I read an article today: Under Pressure: Are girls facing too much?" Okay fine, I know it's MSNBC, I know it's the Associated Press, but contrary to what BK thinks, sometimes the mainstream media does publish stories that are valid and worth consideration. And the article explained in words that I have never been able to find, exactly what went through my head when I was in high school.

The article is all about the expectations that are placed on teen girls. These days, girls are expected to be pretty, skinny, outgoing and polite, fashionable, and they are expected to be able to attract boys effortlessly. They are expected to perform well in school, as well as sports and other extracurricular activities. They're expected to be an individual but still fit in. They are told that they should be delicate and strong at the same time.
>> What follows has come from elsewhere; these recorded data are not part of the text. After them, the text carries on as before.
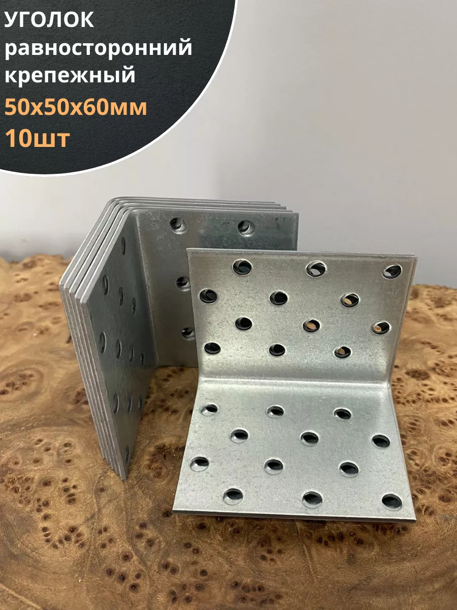 Крепежный равносторонний уголок 50х50х60 ОЦ, 10 шт.
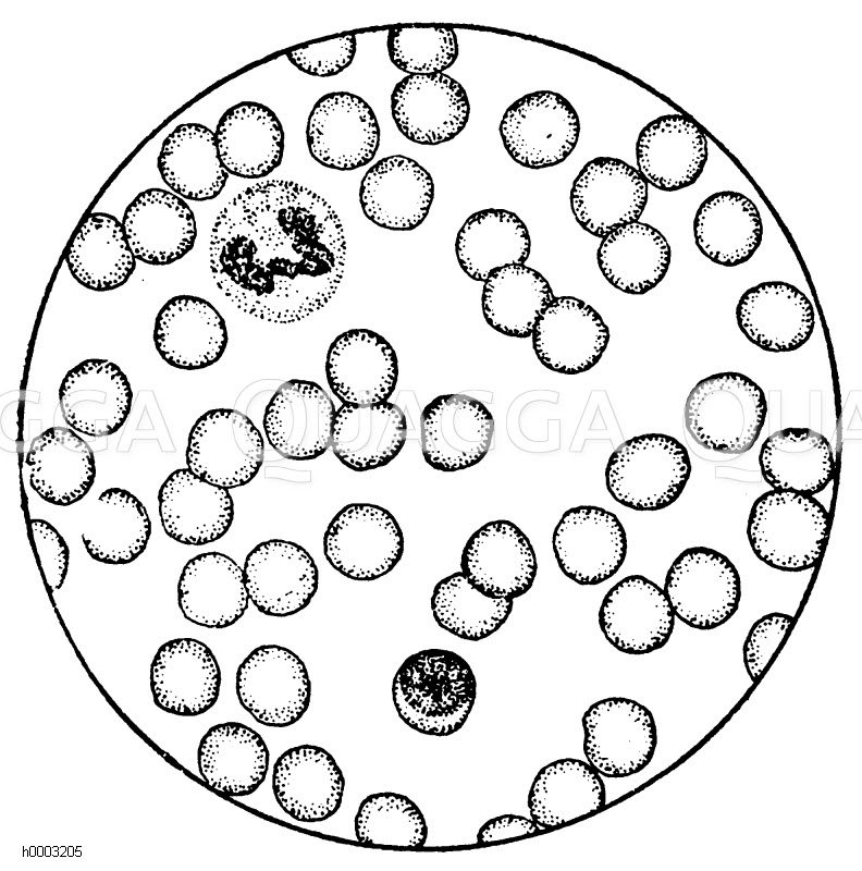Blut bei mikroskopischer Betrachtung: Zeichnung/Illustration/Holzstich – – Blood under the microscope – Sang sous observation microscopique
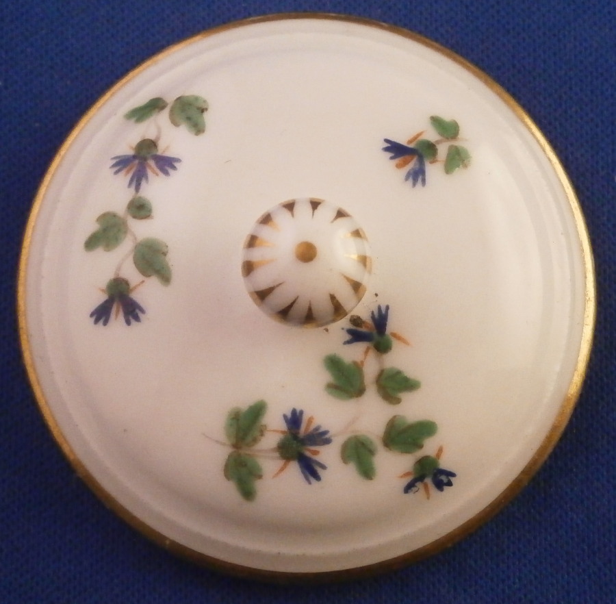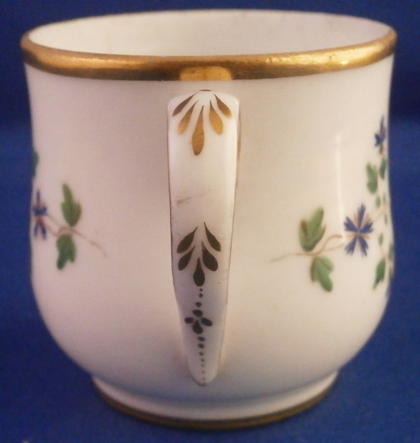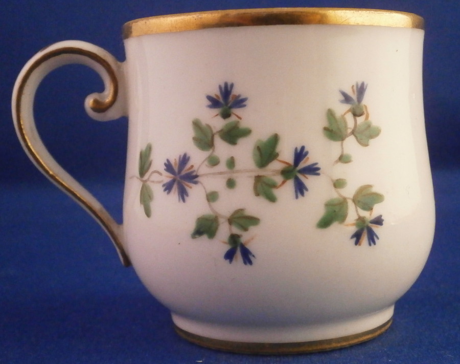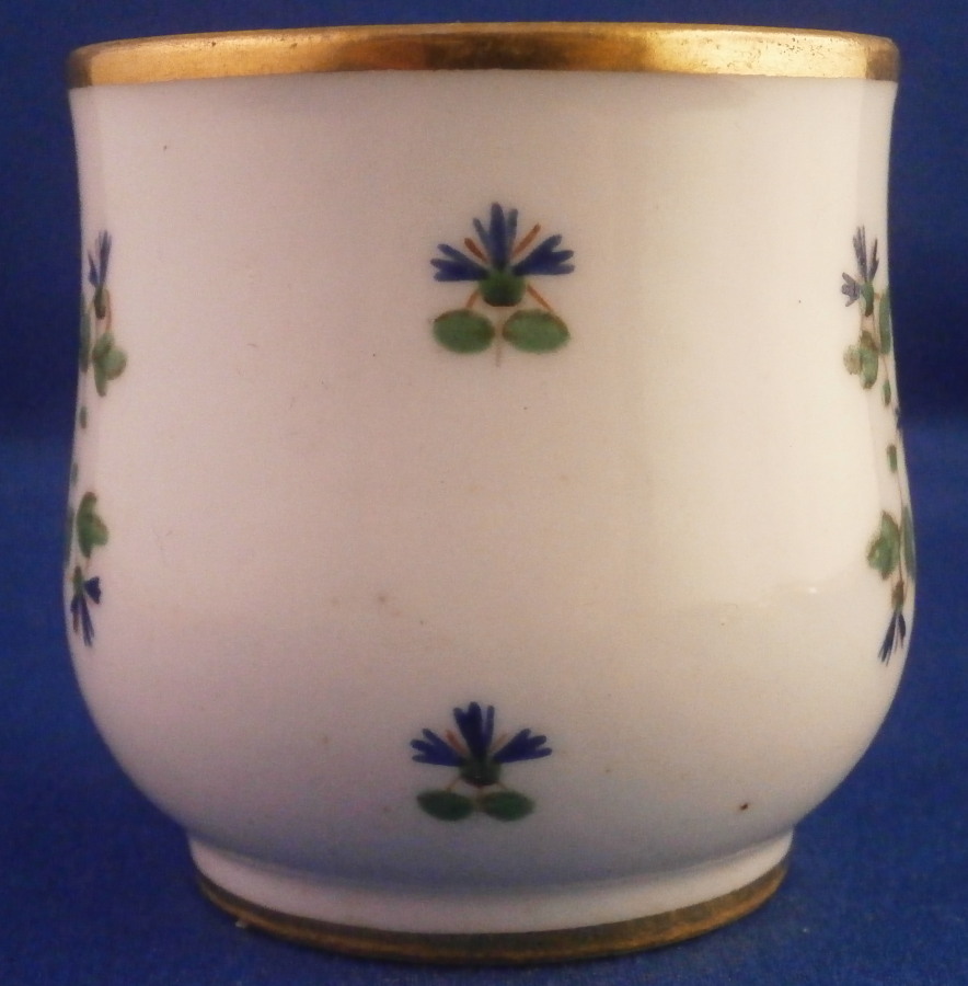 This is a pot de creme or pot au jus made in France in the late 18th century. This type of cup was used for hot chocolate or meat juices (like a strong broth) to drink. The paste is really nice and white and the hand painted blue corn flower decoration looks stunning on it especially with the gold trim to the edges, finial and handle. It is in perfect condition with just some manufacturing flaws to the inside from when it was made in the shape of inclusions in the paste. Blue cornflowers were a favorite of Marie Antoinette and thus became very popular during this time period. The piece is not marked underneath but is definitely French from this period! The cup and lid are 3 inches tall and 2.25 inches in diameter. Please email me for more information or other pictures.

And then I read another article: Positive Parenting: Get past teen stereotypes. It's all about how parents think of teens as incomplete adults. They think that teens are "missing" something and need to be "fixed". They focus on what their kids aren't doing instead of the positive things that they are doing. An example is, my kid is a good kid because he doesn't do drugs, because he doesn't hang out with bad kids, because he doesn't start fights. When it should be, my kid is a good kid because he is empathetic, because he wants to help others, because he has strong morals. Parents always hear about their kids should be avoiding, but not necessarily about what they should be doing in order to transition into healthy, confident adults. They focus on achievements in school, work or extracurricular activities, rather than on personal achievements like making a new friend or learning something new about themselves.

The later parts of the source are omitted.